Citation data were drawn from Thompson Scientific's Science, Social Science, and Arts and Humanities Citation Indexes, the most complete source of citation data available. Citation Index (CI) data currently include articles and associated citations from the 6000 most highly cited journals in the sciences, social sciences, and humanities going back as far as 1945, for a total of over 50 million articles. The CI flags more than 98% of its journals with from 1 to 3 of a possible 300 content codes, such as "condensed matter physics," "ornithology," and "inorganic and nuclear chemistry." Citation patterns were then linked with data tracking the online availability of journals from Information Today, Inc.'s Fulltext Sources Online (FSO).

FSO is the oldest and largest publication about electronic journal availability. Information Today began publishing FSO biannually in 1998, indicating which journals were available in which commercial electronic archives (e.g., Lexis-Nexis, EBSCO, Ovid, etc.) or if they were available freely on their own Web site, and for how many back issues. Merged together by ISSN (International Standard Serial Number), the CI and FSO data allowed me to capture how article online availability changes the use of published knowledge in subsequent research. FSO's source distinction further allows comparison of print access with the different electronic channels through which scientists and scholars obtained articles—whether a privately maintained commercial portal or the open Internet. The combined CI-FSO data set resulted in 26,002,796 articles whose journals came online by 2006 and a distinct 8,090,813 (in addition to the 26 million) that referenced them. Figure 1 shows the speed of the shift toward commercial and free electronic provision of articles, and how deepening backfiles have made more early science readily available in recent years.

Figure 1
Fig. 1. Distribution of online journal availability in ISI-FSO data through (A) commercial subscription and (B) free through journal Web site. "Hot" regions of the graph correspond to journal issues just a few years behind the years in which they are available online, e.g., in 2003, more journals were commercially and freely available from 1999—about 1000 and 500, respectively—than from any other year. The figure highlights how journal issues increasingly came online from the 1940s, '50s, and '60s in 2004 and 2005. [View Larger Version of this Image (36K GIF file)]

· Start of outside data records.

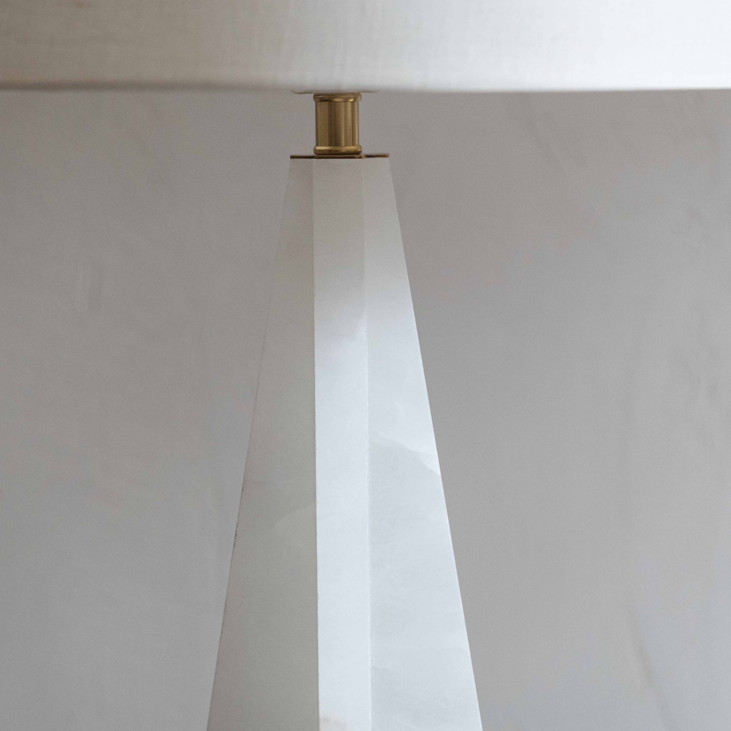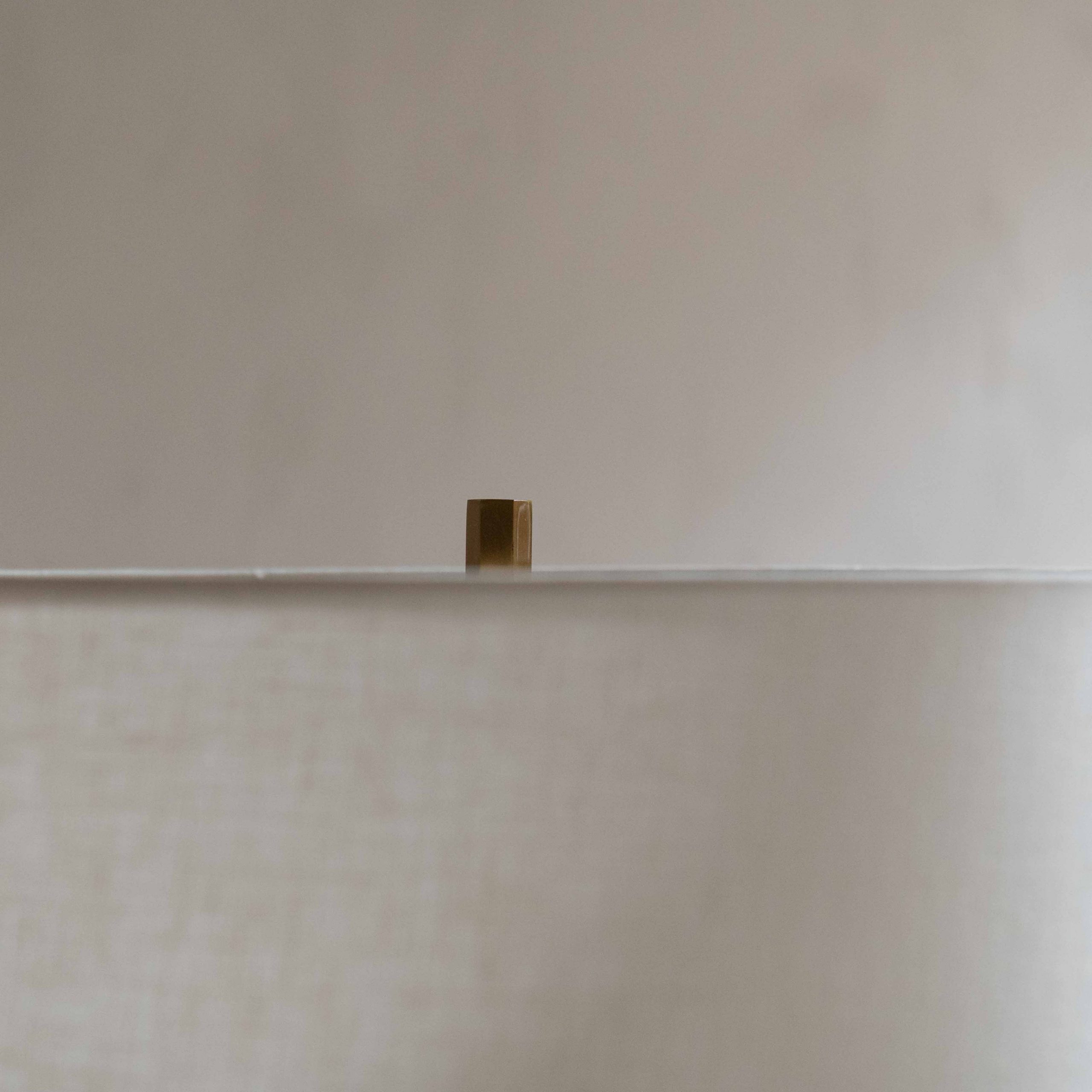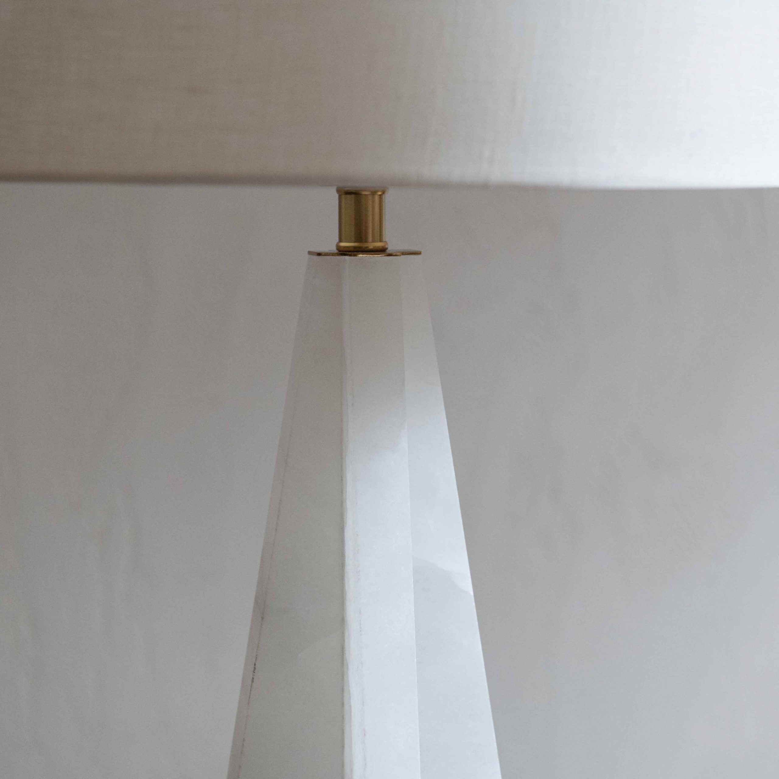 Lámpara de mesa de alabastro con pantalla de lino. Una pieza que destaca por su base de alabastro macizo, cuidadosamente tallada en cuatro prismas que aportan carácter y sofisticación. Se completa con una fina pantalla cilíndrica de lino blanco que difunde la luz con suavidad. La lámpara incorpora pequeños detalles en latón, que añaden un toque de elegancia atemporal.
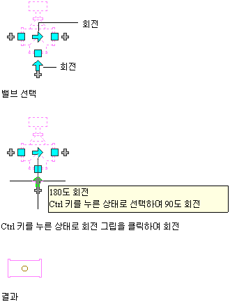 평면도에서 3방향 밸브를 90도 회전
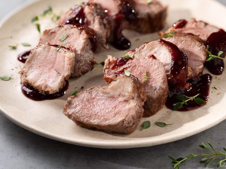 Po upieczeniu mięso odkładamy na 10 minut, by odpoczęło. Sos blendujemy na gładką konsystencję, usuwając gałązki tymianku. Polędwicę kroimy w plastry i polewamy sosem.

Panel regression models were used to explore the relation between online article availability and citation activity—average historical depth of citations, number of distinct articles and journals cited, and Herfindahl concentration of citations to particular articles and journals—over time (details on methods are in the Supporting Online Material). Because studies show substantial variation in reading and research patterns by area, I used fixed-effect specifications to compare journals and subfields only to themselves over time as their online availability shifted. In this way, the pattern of citations to a journal or subfield was compared when available only in print, in print and online through a commercial archive, and online for free.

The first question was whether depth of citation—years between articles and the work they reference—is predicted by the depth of journal issues online—how many years back issues were electronically available during the previous year when scientists presumably drafted them into their papers. For subfields, this was calculated as years from the first journal's availability. These data were collected in publication windows of 20 years, and so only data from 1965—20 years after the beginning of the data set—were used. For the entire data set, citations pointed to articles published an average of 5.6 years previously (table S1). The average number of years journal articles were available online is only 1.85 (the data go back to 1945), but with a standard deviation of 5 years and a maximum of more than 60 years. Analysis was performed by citation year and within journal or subfield. The standard ordinary least squares (OLS) method for linear regression was used in generating all the results to be described.

All regression models contained variables used to account and statistically control for alternative explanations of why citations might refer to more recent articles. A sequence of integers from 1 to 40, corresponding to citation years 1965 through 2005, was included to account for a general trend of increasing citations over time (the estimates for this variable were always positive and statistically significant, P < 0.001). Average number of pages and average number of references in citing articles were both included to account for the possibility that citations are more recent because articles are shorter with fewer references and the earliest ones have been disproportionately "censored" by publishers (estimates for pages were positive but not always significant; those for references were always positive and significant, P < 0.001: longer articles with more references referred to earlier work). A measure of the average age of title words was also included in the models to account for the possibility that in recent years, research has concerned more recent concepts or recently discovered (or invented) phenomena. This was calculated by taking the age of each title word within the relevant publication window for the analysis (e.g., prior 20 years) and then multiplying it by a weight for each word i in title j equivalent to Formula where tfij equals the frequency of term i in title j and dfi equals the number of articles in a given year that contain term i out of the total number of annual articles N (11). This approach highly weights distinguishing title terms (e.g., buckey-balls, microRNA) and gives lesser weight to broad area terms (e.g., gene, ocean) and virtually no weight to universal words (e.g., and, the). Regression coefficients for the title age measures were always positive and significant (P < 0.0001), indicating that titles with older terms referenced earlier articles. Each model also contained a constant with a significant negative estimate.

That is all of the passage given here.